Se ha tomado, ya tarde, un café largo y sin azúcar, negro y amargo, y ahora se siente

como si no le dejaran salir o como si no le dejaran entrar, otra vez y otra vez. Contrariado,

cabreado, airado como si no fuese todavía la hora de algo que no sabe lo que es.  

Y esa asfixia de respirar con un pulmón ajeno, y el cansancio anticipado e infinito. Su

actualidad está partida en dos, con la libertad seca en medio. Aunque aún no lo sepa, ya es

otro: no le crece el corazón ni le da la gana. Está colgado de un hecho muerto, como un

murciélago.

Se dice que lo triste es no saber vivir, no el morirse.
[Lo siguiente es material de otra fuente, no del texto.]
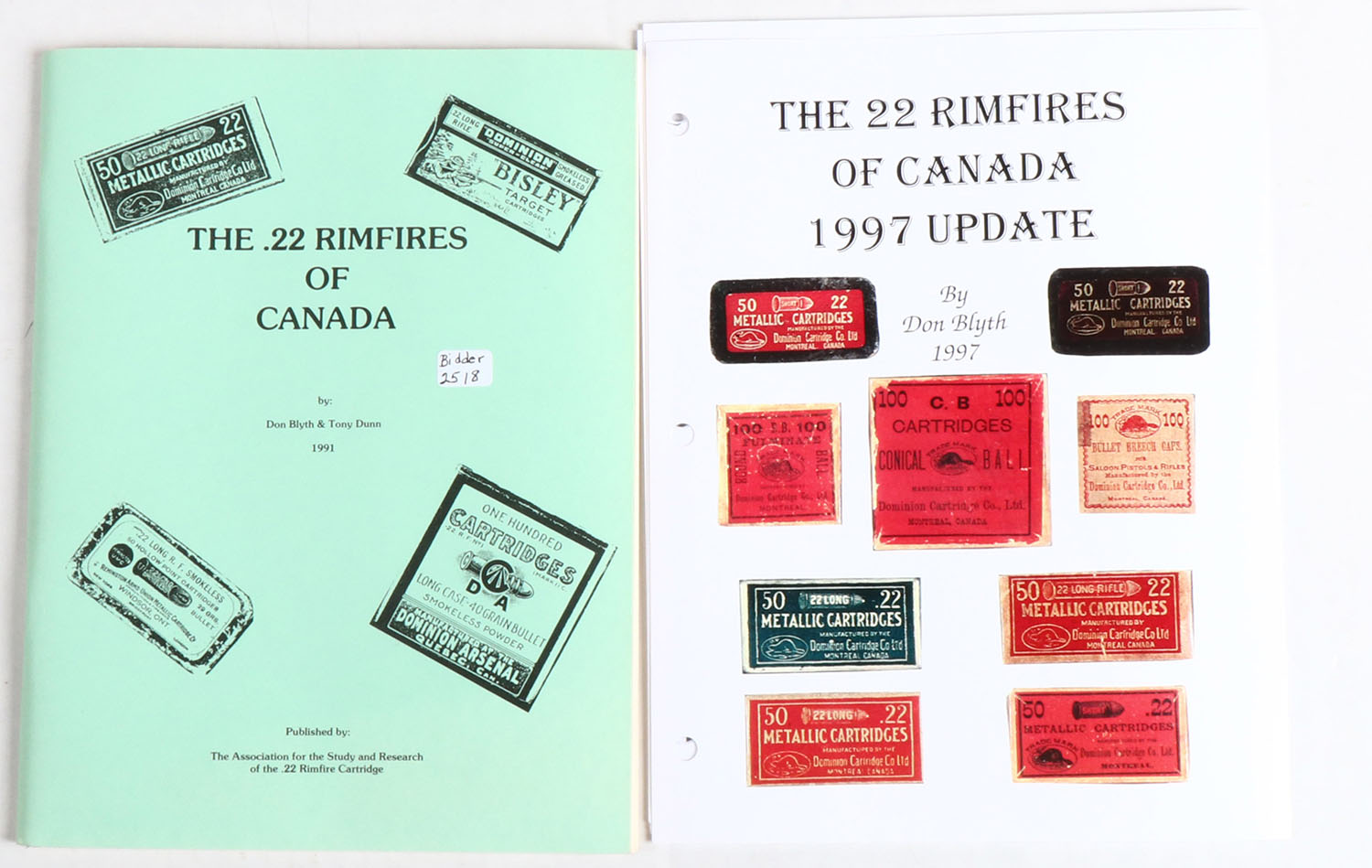 The .22 Rimfires of Canada by Don Blyth & Tony Dunn 1991, 8 1/2'' x 11''. 162 pages, pages clean, staplebound, b/w and colored images. Grade: Excellent - Value: 2 to 60

Quizá a este fulano habría que

decirle lo que no se aprende en la escuela: que tiene que alcanzar el punto de no retorno; o

que el tiempo —como las muñecas rusas— es una serie inclusiva; o que tiene que juntar el

final con el principio; o que el mejor camino es siempre a través; o que todo es eterno pero

sólo mientras dura.

Y si no lo aprendió por sí mismo en las playas de Guadalcanal, donde abundan las

luciérnagas: que hay que retener las cosas en el mismo momento en que cruzan de la luz a

la sombra.

La experiencia está sobrevalorada, claro: es importante, pero no deja de ser conservadora

y bastante tirana, sobre todo cuando lo que interesa es romper un bucle; escapar de la recursividad;

deshacerse del fantasma de uno mismo, tan madrugador.